General information
- Type: Military aircraft
- National origin: United Kingdom
- Manufacturer: Grahame-White Aviation
- Designer: J.D. North
- Status: Abandoned
- Primary user: None
- Number built: 1

History
- First flight: 1913

= Grahame-White Type VI =

The Grahame-White Type VI was an early British military aircraft manufactured by the Grahame-White Aviation Company. Only one was built but after an abortive flight development was abandoned.

==Design and development==
Designed by J.D. North, the Grahame-White Type VI was a pusher configuration unequal-span biplane.
The tail surfaces were carried on three steel tube booms, with the single upper boom passing through the propeller shaft and the lower pair to the rear of the undercarriage. The propeller was driven by a large-diameter tubular driveshaft and a duplex chain, the propeller being mounted at the top of the rear of the nacelle. There were no centre-section cabane struts, the upper wing being supported solely by the interplane struts. The engine was mounted at the front of the rectangular section nacelle behind a specially made curved radiator, with two crew members seated either side and the pilot seated behind them.

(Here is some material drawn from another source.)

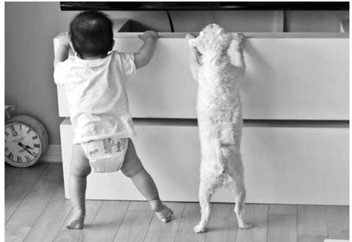
양준열 작 ‘공통관심사’

이해해 보고, ‘알송달송 박물관이야기’(초등학교 5~6학년)는 박물관의 다양한 실물자료(유물)를 직접 관찰하고 기록하며 박물관에서 일하는 보존과학자의 역할을 체험하는 프로그램이다. 중·고등학생을 대상으로는 ‘박물관에서 찾은 나의 꿈’, ‘금동관의 주인은 누구?’, ‘금보다 귀했던 마한의 옥’ 등 프로그램이 진행된다. 모든 프로그램은 화~금요일 오전 10~12시 진행된다. 문의 061-330-7822. /김경민기자 kki@kwangju.co.kr

The control wires for the tail surfaces were carried inside the upper boom, an arrangement credited to Horatio Barber, for whose Aeronautical Syndicate Ltd North had worked. The aircraft was armed with a Colt .30-calibre machine gun on a flexible mounting at the front of the nacelle.

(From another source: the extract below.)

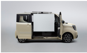
사이드 프로젝트 스크린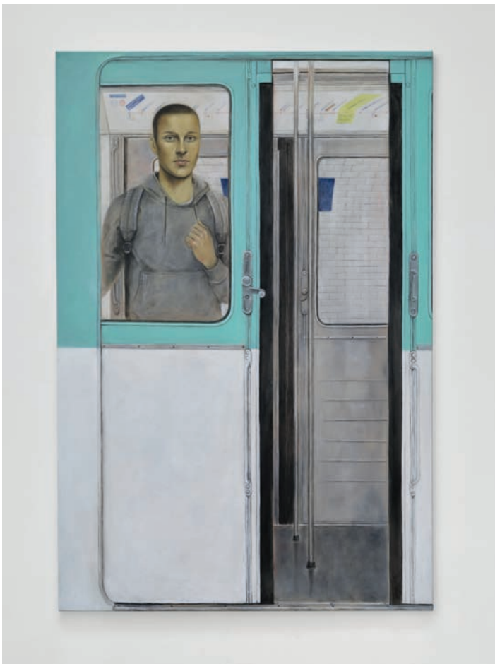
Cédric Rivrain, Métro , huile sur lin, 195 x 130 cm, 2023. Collection particulière. Courtesy de la galerie Fitzpatrick, Paris et de l'artiste.

While it was originally intended to be powered by a 120 hp Austro-Daimler 6 cylinder inline, it was shown at the 1913 Olympia Aero Exhibition fitted temporarily with a 90 hp Austro-Daimler instead.

Only one attempt was made to fly the Type VI. The underpowered aircraft only just managed to clear the hedge at the boundary of the airfield, and made a forced landing in the next field. North went on to design a broadly similar aircraft with a more conventional four-boom mounting for the tail surfaces, the Grahame-White Type XI.